> Exercise goal
Below are entries; copy exactly the lines from the one with "The architecture layout" through the one with "最後は1階の見学です。奥に見", both included, and leave out the rest.

> Working data

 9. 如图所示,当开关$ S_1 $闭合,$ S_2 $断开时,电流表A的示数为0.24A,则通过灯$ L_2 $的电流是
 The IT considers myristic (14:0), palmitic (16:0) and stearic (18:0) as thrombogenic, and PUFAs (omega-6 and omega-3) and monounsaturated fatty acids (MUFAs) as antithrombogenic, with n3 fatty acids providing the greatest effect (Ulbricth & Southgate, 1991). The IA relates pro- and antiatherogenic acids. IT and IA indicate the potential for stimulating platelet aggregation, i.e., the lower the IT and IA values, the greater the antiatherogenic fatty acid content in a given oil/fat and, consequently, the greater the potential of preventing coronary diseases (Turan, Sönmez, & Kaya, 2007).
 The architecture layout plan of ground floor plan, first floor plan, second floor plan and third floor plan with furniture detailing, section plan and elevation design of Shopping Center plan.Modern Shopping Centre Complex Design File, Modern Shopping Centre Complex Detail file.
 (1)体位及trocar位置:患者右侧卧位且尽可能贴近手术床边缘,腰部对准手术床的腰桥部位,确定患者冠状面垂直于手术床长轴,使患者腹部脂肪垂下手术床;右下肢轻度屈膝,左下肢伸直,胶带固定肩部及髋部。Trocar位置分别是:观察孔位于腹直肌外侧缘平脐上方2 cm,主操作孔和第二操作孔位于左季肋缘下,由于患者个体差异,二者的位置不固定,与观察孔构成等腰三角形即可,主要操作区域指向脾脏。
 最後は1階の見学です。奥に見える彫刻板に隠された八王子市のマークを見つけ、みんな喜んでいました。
==
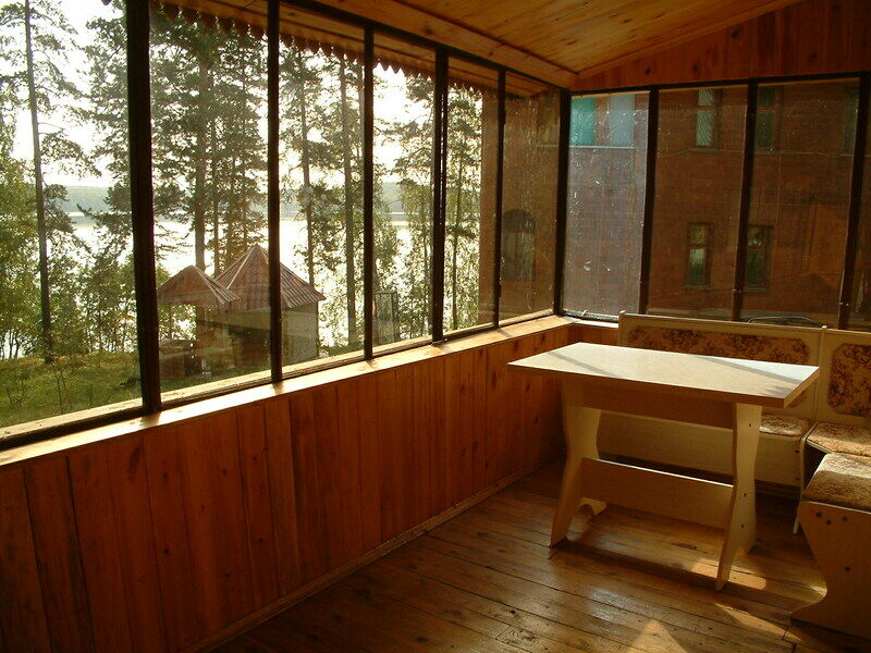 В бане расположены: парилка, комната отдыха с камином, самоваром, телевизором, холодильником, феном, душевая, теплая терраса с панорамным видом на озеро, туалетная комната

> Result for this task
 The architecture layout plan of ground floor plan, first floor plan, second floor plan and third floor plan with furniture detailing, section plan and elevation design of Shopping Center plan.Modern Shopping Centre Complex Design File, Modern Shopping Centre Complex Detail file.
 (1)体位及trocar位置:患者右侧卧位且尽可能贴近手术床边缘,腰部对准手术床的腰桥部位,确定患者冠状面垂直于手术床长轴,使患者腹部脂肪垂下手术床;右下肢轻度屈膝,左下肢伸直,胶带固定肩部及髋部。Trocar位置分别是:观察孔位于腹直肌外侧缘平脐上方2 cm,主操作孔和第二操作孔位于左季肋缘下,由于患者个体差异,二者的位置不固定,与观察孔构成等腰三角形即可,主要操作区域指向脾脏。
 最後は1階の見学です。奥に見える彫刻板に隠された八王子市のマークを見つけ、みんな喜んでいました。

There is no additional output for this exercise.